### YOUR OBJECTIVE
Your task is to print, exactly and only, the lines from the start of the entries below through the line with "Поздравляем ученика 11а". Include both ends, but skip the pictures.

### RECORD SET
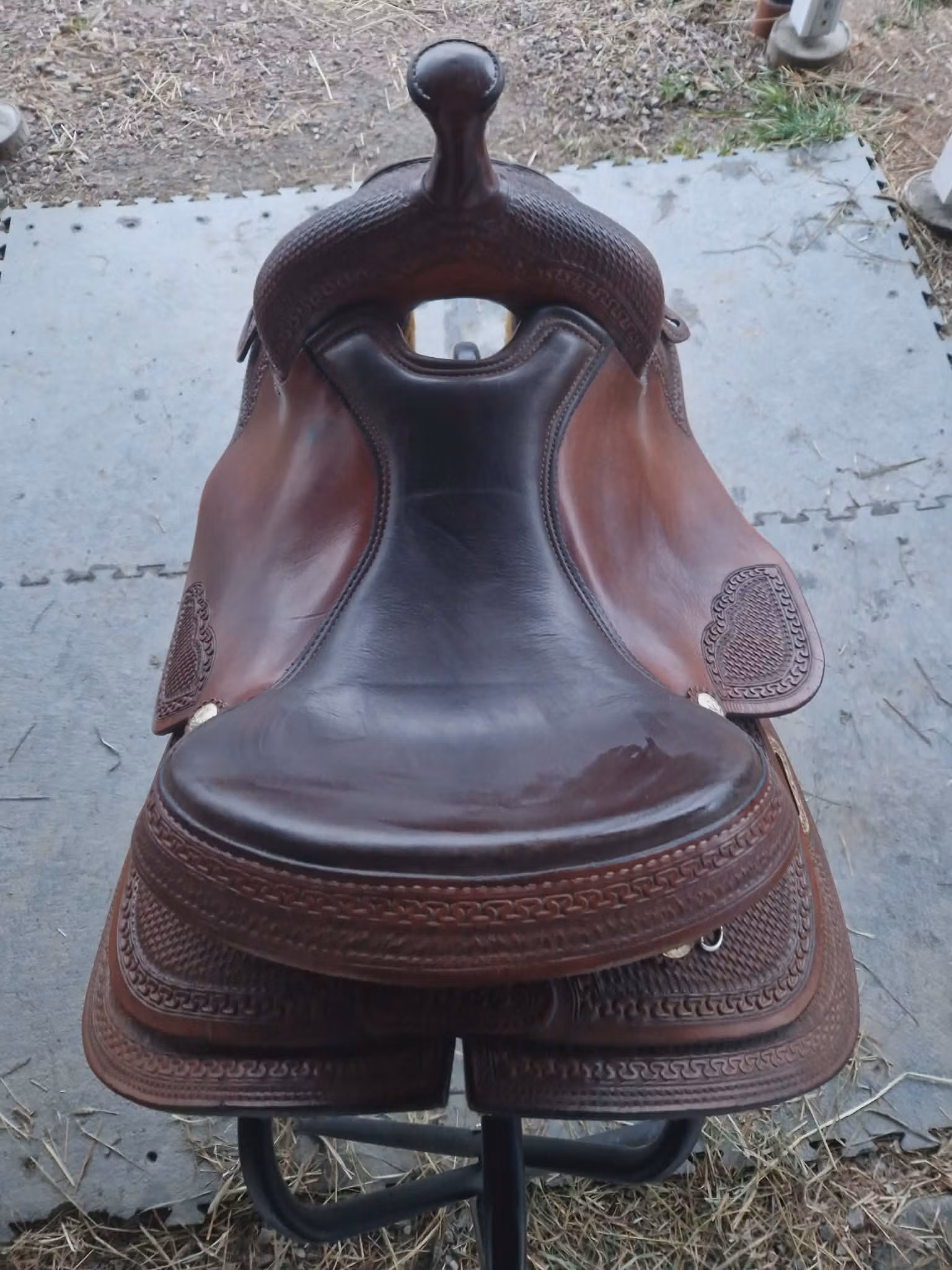 Unik tillfälle: Begagnad jättefin Circle L Topline sadel 2207 med 7 tum gullet och Q bom, 16 tum mjuk paddad sits, bra för dig som vill ha en bekväm sadel.
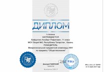 Поздравляем ученика 11а класса Хайруллина Альберта Рифатовича с ПОБЕДОЙ на Межрегиональной предметной олимпиаде КФУ по предмету «Обществознание» - диплом I степени!!! Учитель – Рисположенская О.В.
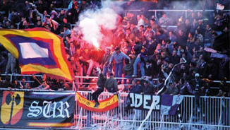 Пиздец, вобщем. Скоро на эстадио будут сидеть папы с детьми и радостно махать флажками. А милиционеры будут ходить и улыбаться. Конечно, пиздюлей то за свое тупоумие не от кого получать будет. Не будет ни слэма, ни шизы, ни баннеров (хотя достойных баннеров на наших стадионах уже давно не видно, если только не считать лошадиное убожество типа "верим в команду" или "не отступать и не сдаваться" - и смех и грех, право), ни полотнищ, ни файеров, ни ракет, ни дымовухи, ни песен, ни зарядов. Уже сейчас основа многих столичных клубов предпочитает не посещать домашние матчи своих команд, попивая пивко у телевизоров или в барах. Говорят - паливо. Так кому же будет такой антураж нужен??? Ведь футбол - это на 50% антураж. Игрокам станет попросту скучно. Забивает нападающий гол под одобрительные хлопки публики. И я скажу за себя - я хожу на эстадио НЕ ТОЛЬКО посмотреть футбол. И если мне не будуть давать делать там то, что я хочу и считаю нужным для поддержки команды - я не буду туда ходить. Не хочу вдаваться еще дальше в причины всего этого - вывод-то ясен и так. И вообще, я отвлекся чего-то.
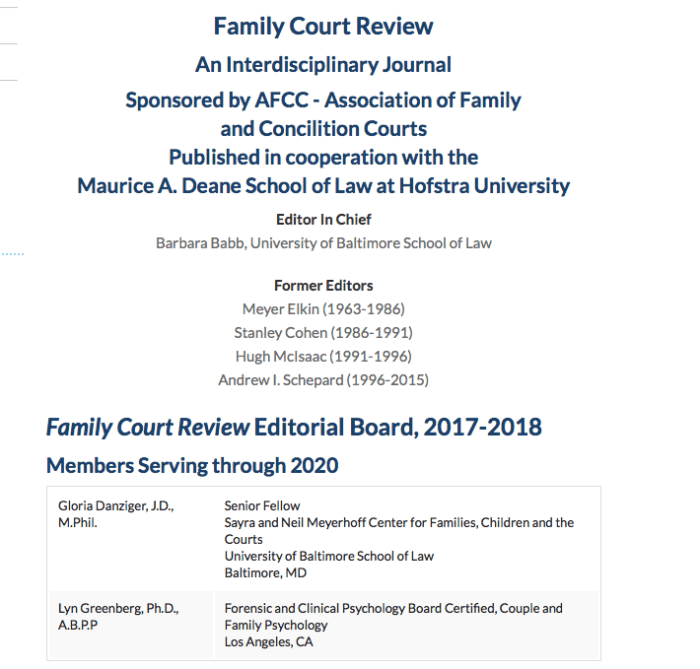 AFCC’s Family Court Review Editorial Board and Their Respective Affiliations. [Publ. May 21, 2018, with March 21, 2022, update for re-posting]. » Screen Shot 2018-05-21 at 2.22.44 PM
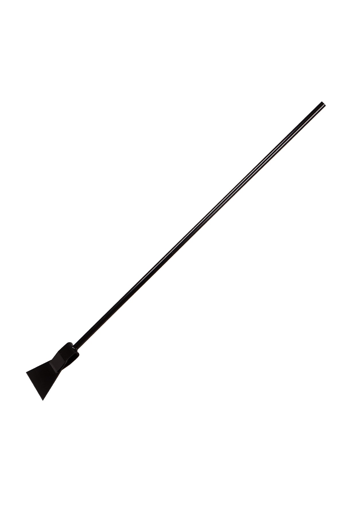 - Черенок выполнен из толстостенной стальной трубы, которая обеспечивает прочность конструкции.
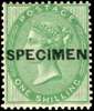 1856 1s deep green, optd “SPECIMEN” type 4 mint part o.g. Lovely deep colour. SG 71s cat £1000
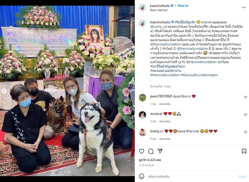 เก๋ ชลลดา โพสต์คลิปขณะพา 2 น้องหมาสุดรักของ ซันนี่ ยูโฟร์ มาที่วัดเลา พระราม2 ซึ่งจัดพิธีสวดพระอภิธรรมอดีตบอยแบนด์ดังเสียชีวิตกะทันหัน โดยเผยโมเมนต์เจ้าริชชี่และมันนี่มาหาแม่ พร้อมแคปชั่นถึงใครที่อยากอุปการะดูแลทั้งสองหมาสุดน่ารักด้วยว่า
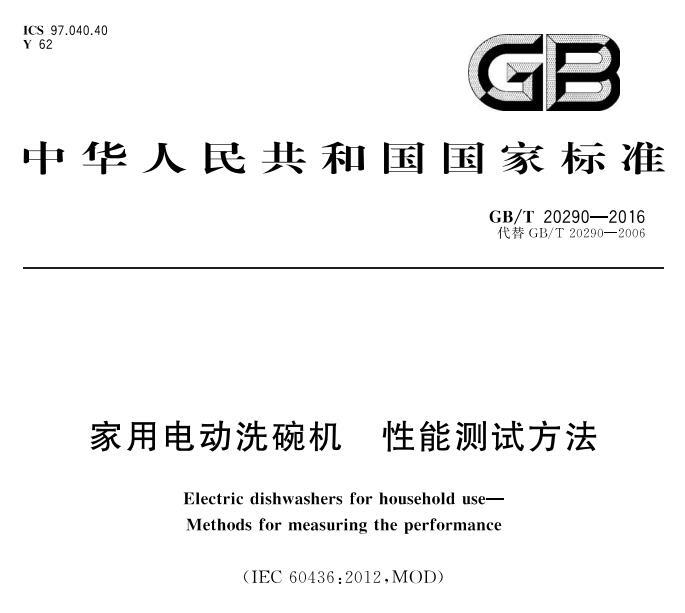 Electric dishwashers for household use —— Methods for measuring the performance
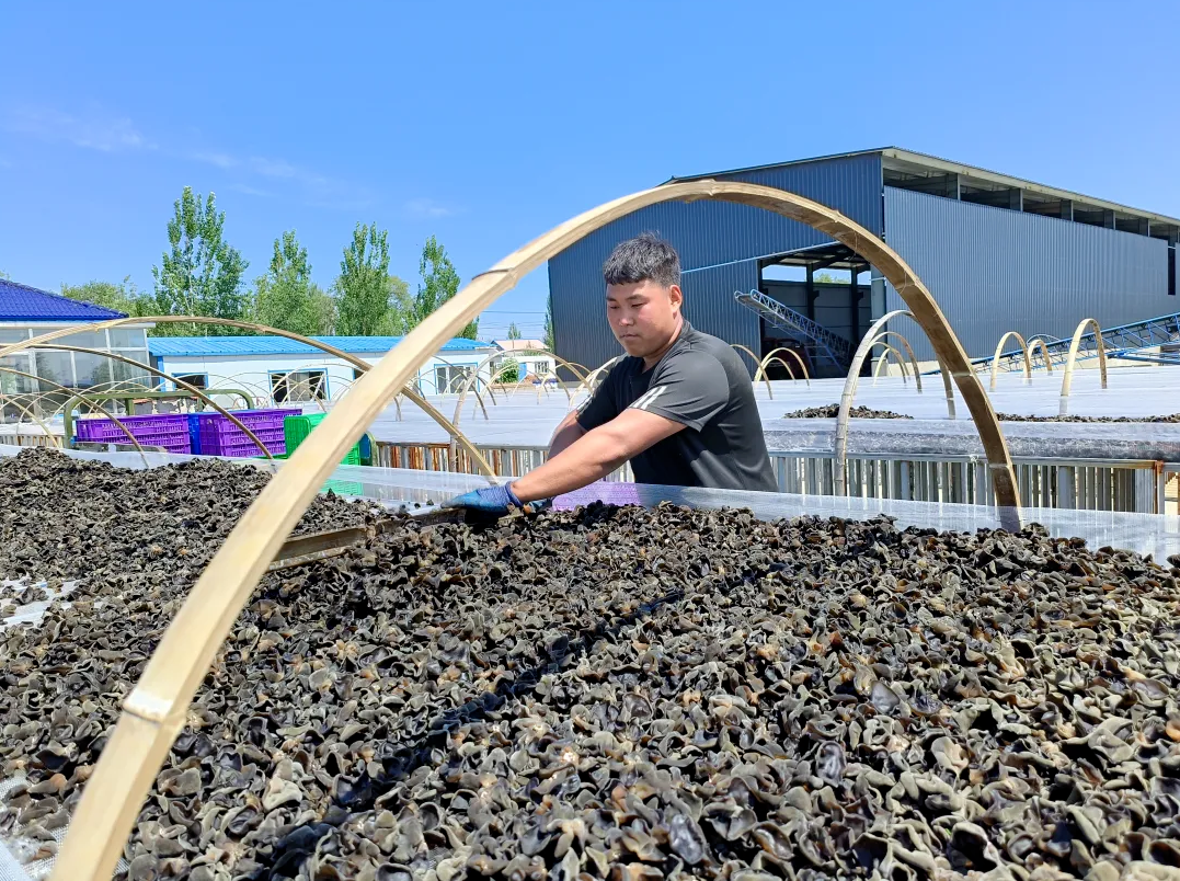 在瑞秋農(nóng)牧專業(yè)合作社的大院里晾曬剛收獲的黑木耳

### RESPONSE AREA
 Unik tillfälle: Begagnad jättefin Circle L Topline sadel 2207 med 7 tum gullet och Q bom, 16 tum mjuk paddad sits, bra för dig som vill ha en bekväm sadel.
 Поздравляем ученика 11а класса Хайруллина Альберта Рифатовича с ПОБЕДОЙ на Межрегиональной предметной олимпиаде КФУ по предмету «Обществознание» - диплом I степени!!! Учитель – Рисположенская О.В.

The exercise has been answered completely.